La volatilité décisionnelle
Les études sur les pathologies des processus de décision dans les organisations ont mis l’accent sur l’inertie décisionnelle. Son contraire, la volatilité (forte réversibilité des décisions, difficulté à construire des engagements), a été très peu étudié. Méthodologies possibles : entretiens, études de cas, analyses de discours. (Pr. Hervé Laroche)

Les attributions de responsabilité aux organisations après les crises ou accidents
Pourquoi, après un événement malheureux, certaines organisations se trouvent mises en cause alors que d'autres ne sont pas incriminées ? Comment juge-t-on de la responsabilité d'une organisation ? Qui juge comment ? Méthodologies possibles : analyse de rapports post-accidents ou post-crises, études de cas ou méta-analyses de cas. (Pr. Hervé Laroche)

La justification des actions et des décisions
En contexte organisationnel, les actions et les décisions sont soumises (au moins potentiellement) à des jugements formels ou informels. Comment les décideurs intègrent-ils cette dimension dans l'élaboration de leur choix et dans la conduite de leur action ? Comment anticipent-ils sur les justifications qu'ils pourront avoir à donner ? Méthodologies possibles : entretiens, observations, analyses documentaires, études de cas. (Pr. Hervé Laroche)

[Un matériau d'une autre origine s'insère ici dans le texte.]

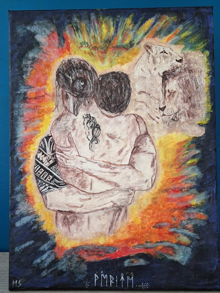 Peinture aquarelle et acrylique symbolisant le pardon à soi-même et aux autres. Personnalisée avec l’animal totem et lettres runiques.
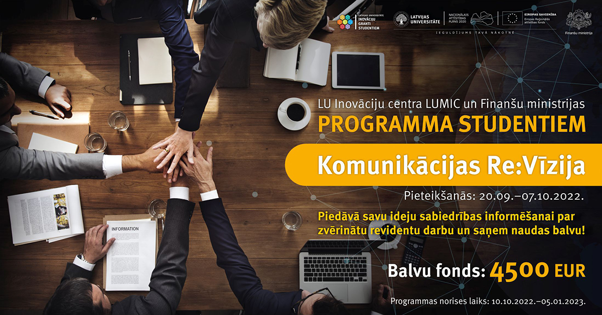 Latvijas augstskolu studenti jaunajā Finanšu ministrijas un Latvijas Universitātes (LU) Inovāciju centra LUMIC programmā “Komunikācijas Re:Vīzija” aicināti ģenerēt idejas sabiedrības informēšanai par zvērinātu revidentu darbu, attīstīt komunikācijas inovācijas un saņemt stipendijas par godalgotām vietas. Studentiem, kuri piedalīsies programmā, būs iespēja iegūt padziļinātas zināšanas par valsts pārvaldes institūcijām nepieciešamu aktuālu jautājumu skaidrošanu sabiedrībai un tās atsevišķām grupām.
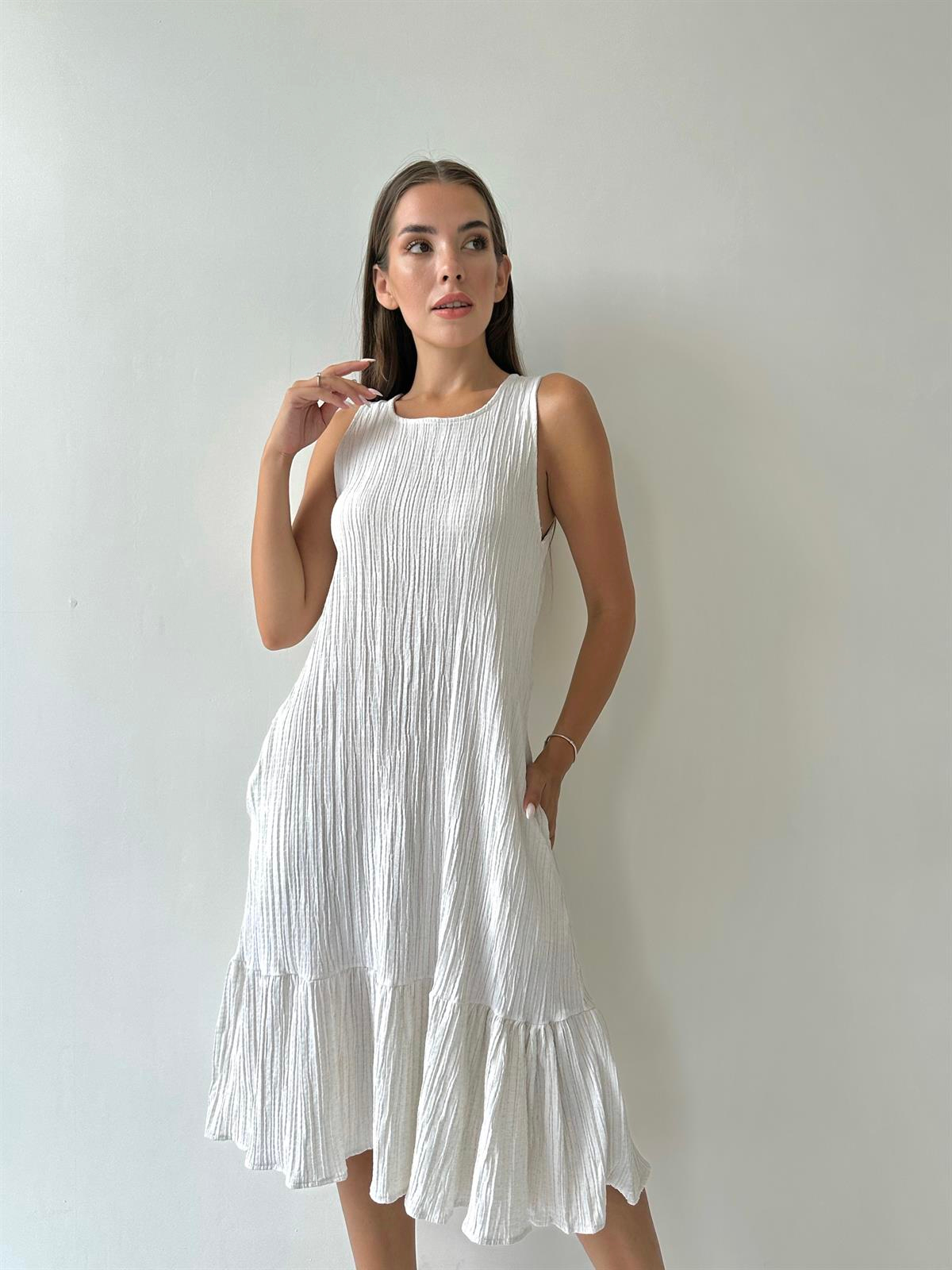 Kolsuz Volanlı Loren Elbise Taş (STK2932)

Les managers s’ennuient-ils ?
Si les thèmes du plaisir et de la souffrance au travail ont fait l'objet de travaux assez nombreux, la question de l'ennui au travail est peu explorée de manière générale. La problématique de l'ennui est généralement associée à des questions telles que la répétitivité de tâches simples. Mais qu'en est-il en ce qui concerne les managers? S'ennuient-ils ? Dans quelles circonstances ? Pourquoi ? Avec quelles expressions et conséquences ? Enfin, quelles stratégies adoptent-ils (éventuellement) face à l’ennui ? Méthodologies possibles : observations, entretiens, questionnaires. (Pr. Hervé Laroche)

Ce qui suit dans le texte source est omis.